-------- SOURCE INFORMATION --------

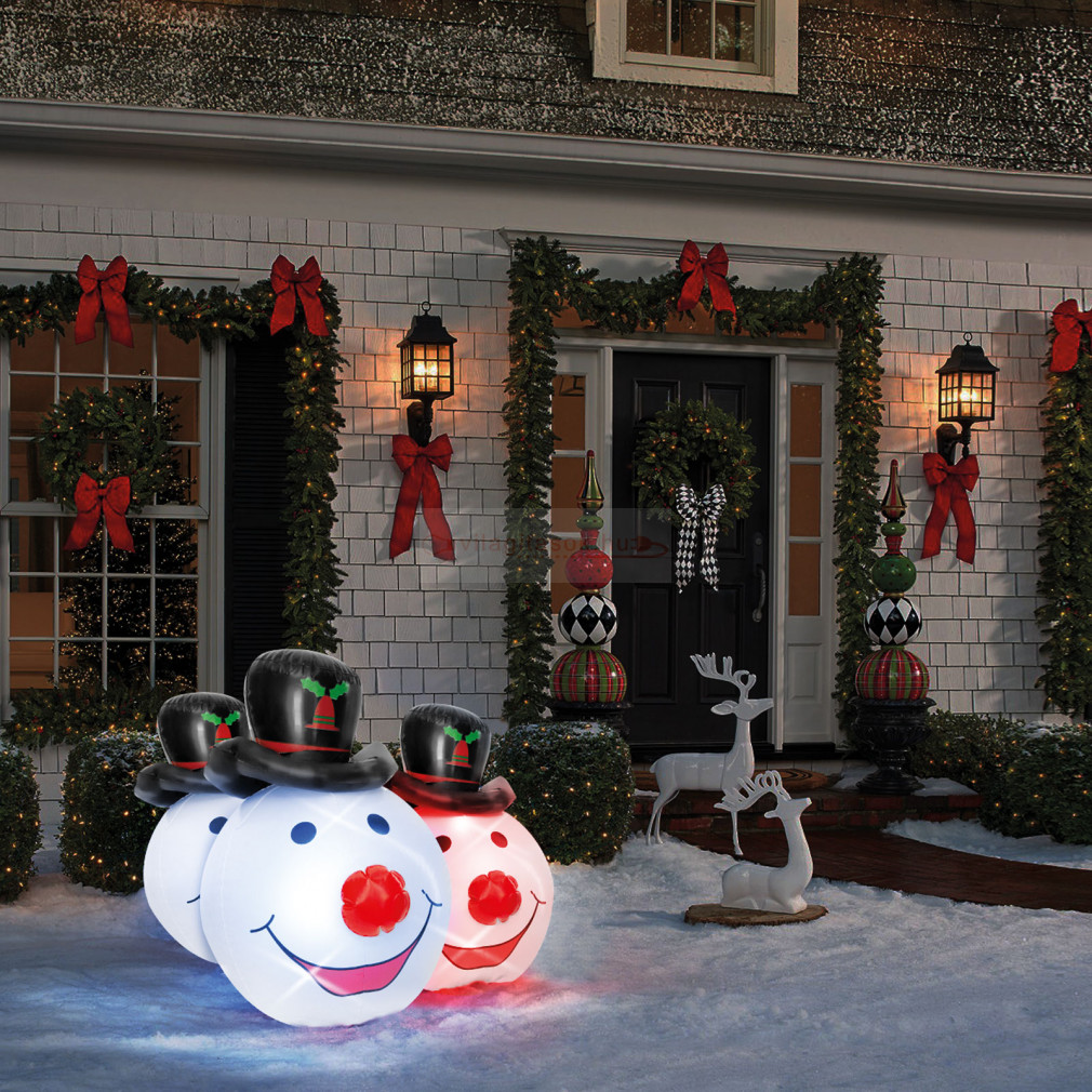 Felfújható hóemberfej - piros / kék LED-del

--------
-------- SOURCE INFORMATION --------

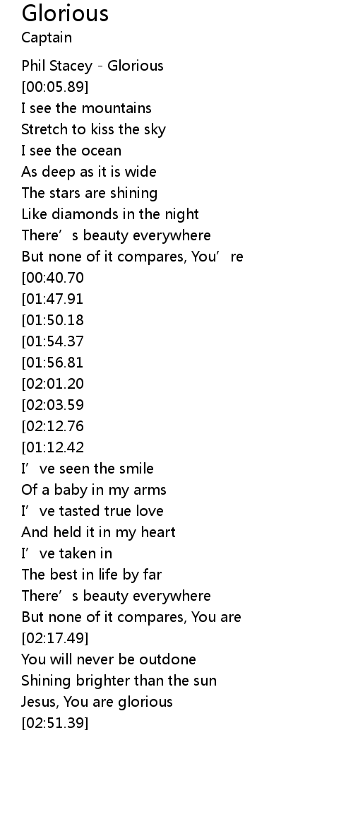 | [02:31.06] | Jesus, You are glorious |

--------
-------- SOURCE INFORMATION --------

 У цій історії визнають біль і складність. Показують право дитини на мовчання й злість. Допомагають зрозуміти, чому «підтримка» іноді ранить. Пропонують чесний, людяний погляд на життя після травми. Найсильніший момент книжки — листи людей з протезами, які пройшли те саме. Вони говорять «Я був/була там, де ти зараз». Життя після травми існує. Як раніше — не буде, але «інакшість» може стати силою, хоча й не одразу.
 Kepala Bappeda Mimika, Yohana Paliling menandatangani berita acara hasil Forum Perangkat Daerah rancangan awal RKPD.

--------

Above are the records; repeat exactly the lines from the one holding "У цій історії" down to the one holding "Kepala Bappeda Mimika, Yohana", end lines included.

 У цій історії визнають біль і складність. Показують право дитини на мовчання й злість. Допомагають зрозуміти, чому «підтримка» іноді ранить. Пропонують чесний, людяний погляд на життя після травми. Найсильніший момент книжки — листи людей з протезами, які пройшли те саме. Вони говорять «Я був/була там, де ти зараз». Життя після травми існує. Як раніше — не буде, але «інакшість» може стати силою, хоча й не одразу.
 Kepala Bappeda Mimika, Yohana Paliling menandatangani berita acara hasil Forum Perangkat Daerah rancangan awal RKPD.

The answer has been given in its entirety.